Provided records Block Start

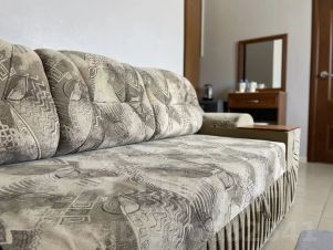 такое зонирование удобно, если вы отдыхаете с детьми или приезжаете большой семьёй. В одной комнате расположена двуспальная кровать + односпальная/ кресло-кровать, во второй — отдельные спальные места или диван; при необходимости возможно размещение до шести человек под запрос.
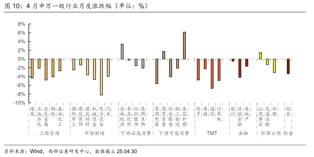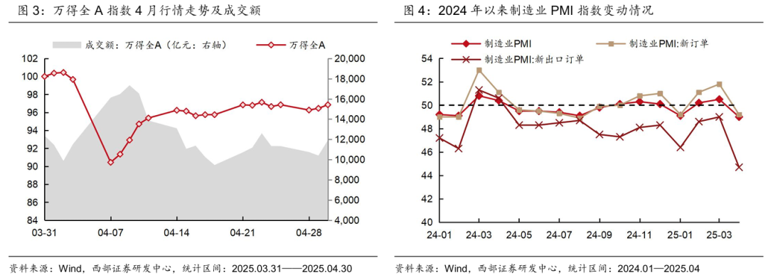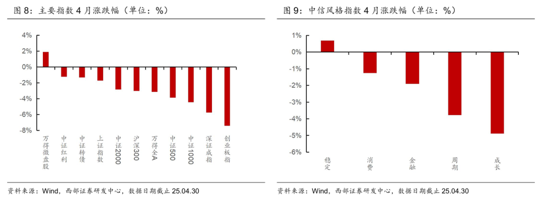 4月初权益市场遭遇关税冲击,整月市场呈超跌反弹之势,万得全A月度仍收跌3.2%。4月权益市场围绕“关税”、“政策预期”和“科技成长”3个方向展开交易;月初特朗普宣布对贸易伙伴征收“对等关税”,加征幅度超市场预期;全球股市巨震下,4月7日A股大幅回撤,万得全A指数单日下跌9.3%;随着次日开始“国家队”坚定增持权益市场,A股迎来超跌反弹行情,反关税方向的农牧板块周度涨幅居前。进入4月中旬,随着反弹行情的结束,市场开始定价关税对上市公司盈利水平的负面影响,市场量能一度萎缩至万亿元以下;防守方向的银行,博弈月末政策预期的地产链阶段性有所表现;定价长久期收益的科技成长板块月末最后两周获得市场青睐,但市场量能仍维持在万亿元附近,交易热情有限。从结构来看,4月小盘>大盘,价值>成长,沪深300、中证2000、万得微盘指数月度涨跌幅分别为-3.0%、-2.8%和+1.9%,上证、创业板指月度涨跌幅分别-1.7%和-7.4%。市场整体风格偏保守下,稳定风格月度取得正收益。
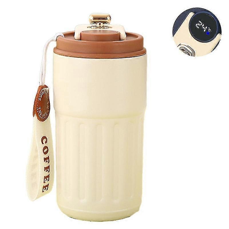 Stainless Steel Coffee Thermos with Temp Display - Insulated Travel Mug, Brown
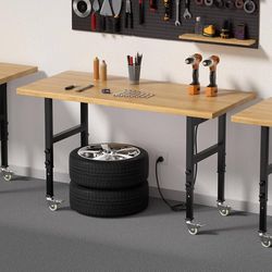 60" Solid Wood Work Bench with Wheels, Work Table with Power Outlet, Heavy-Duty Workbench, 3000 LBS Load Capacity Portable Workbench for Garage, Works$120Corona, CA
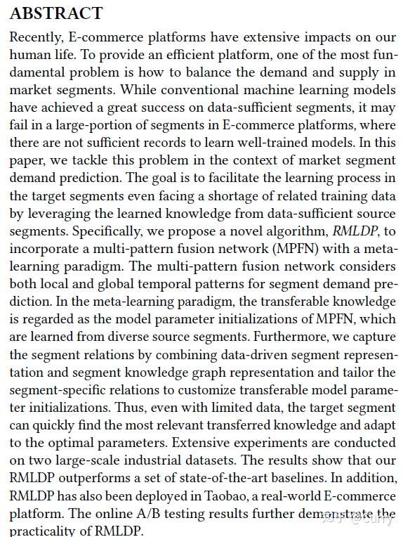 - 开发了一个新的框架RMLDP,以解决细分市场的需求预测任务。RMLDP结合了一个具有元学习范式的多模式融合网络。在元学习范式中,进一步提取片段关系以定制模型参数初始化。并将所提出的方法应用于在线平台。
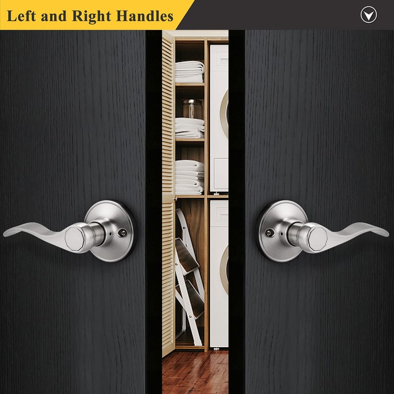 Probrico Pack of Two Dummy Door Lever for Left Hand and Right Hand Brushed Nickel Interior Door Handle Wave Style Non-Turning Door Knob Stainless Steel
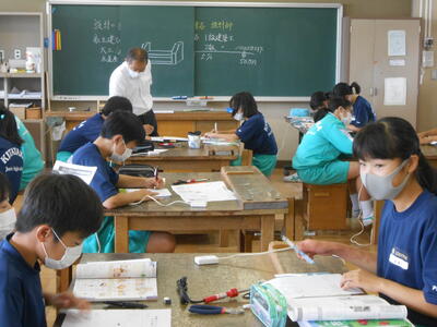 1年3組「技術」木材加工で実際に板を切ってのり付けを学んでいました。
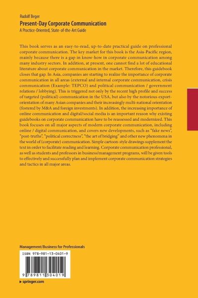 This book serves as an easy-to-read, up-to-date practical guide on professional corporate communication. The key market for this book is the Asia-Pacific region, mainly because there is a gap in know-how in corporate communication among many industry sectors. In addition, at present, one cannot find a lot of educational literature about corporate communication in the market. Therefore, this guidebook closes that gap. In Asia, companies are starting to realize the importance of corporate communication in all areas (external and internal corporate communication, crisis communication (Example: TEPCO) and political communication / government relations / lobbying). This is triggered not only by the recent high profile and success of targeted (political) communication in the USA, but also by the notorious export-orientation of many Asian companies and their increasingly multi-national orientation (fostered by M&A and foreign investments). In addition, the increasing importance of online communication and digital/social media is an important reason why existing guidebooks on corporate communication have to be reassessed and modernized. This book focuses on all major aspects of modern corporate communication, including online / digital communication, and covers new developments, such as "fake news", "post-truths", "political correctness", "the art of bridging" and other new phenomena in the world of (corporate) communication. Simple cartoon-style drawings supplement the text in order to facilitate reading and learning. Corporate communication professional, as well as students and professors in business/management programs, will be given tools to effectively and successfully plan and implement corporate communication strategies and tactics in all major areas.
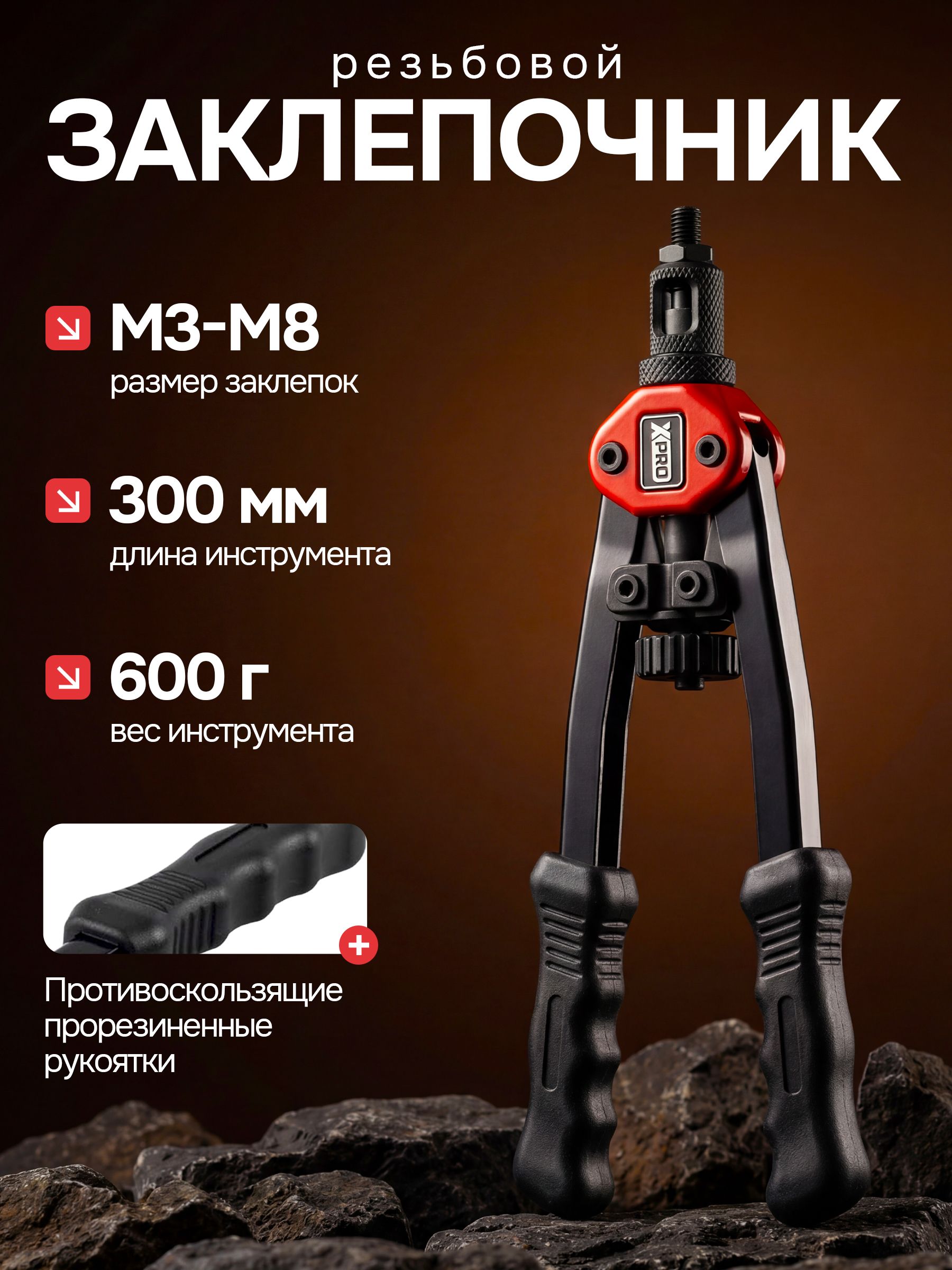 Надёжный расходный материал для профессионального монтажа! Резьбовой стержень М12 совместим с заклёпочниками XPRO, обеспечивая быструю и прочную установку резьбовых заклёпок большого диаметра. Изготовлен из высокопрочной стали с антикоррозийным покрытием, что гарантирует износостойкость даже при интенсивной нагрузке. Идеален для строительных задач, ремонта промышленного оборудования или монтажа металлоконструкций. Храните его в комплекте с инструментом — и вы всегда будете готовы к работе!

Provided records Block End

## Problem
Your copy should hold the lines from the one with "Stainless Steel Coffee" up to and including the one with "1年3組「技術」木材加工で実際に板を切ってのり付けを学んでいました。", exactly as in the data above, and no pictures.

## Solved problem
 Stainless Steel Coffee Thermos with Temp Display - Insulated Travel Mug, Brown
 60" Solid Wood Work Bench with Wheels, Work Table with Power Outlet, Heavy-Duty Workbench, 3000 LBS Load Capacity Portable Workbench for Garage, Works$120Corona, CA
 - 开发了一个新的框架RMLDP,以解决细分市场的需求预测任务。RMLDP结合了一个具有元学习范式的多模式融合网络。在元学习范式中,进一步提取片段关系以定制模型参数初始化。并将所提出的方法应用于在线平台。
 Probrico Pack of Two Dummy Door Lever for Left Hand and Right Hand Brushed Nickel Interior Door Handle Wave Style Non-Turning Door Knob Stainless Steel
 1年3組「技術」木材加工で実際に板を切ってのり付けを学んでいました。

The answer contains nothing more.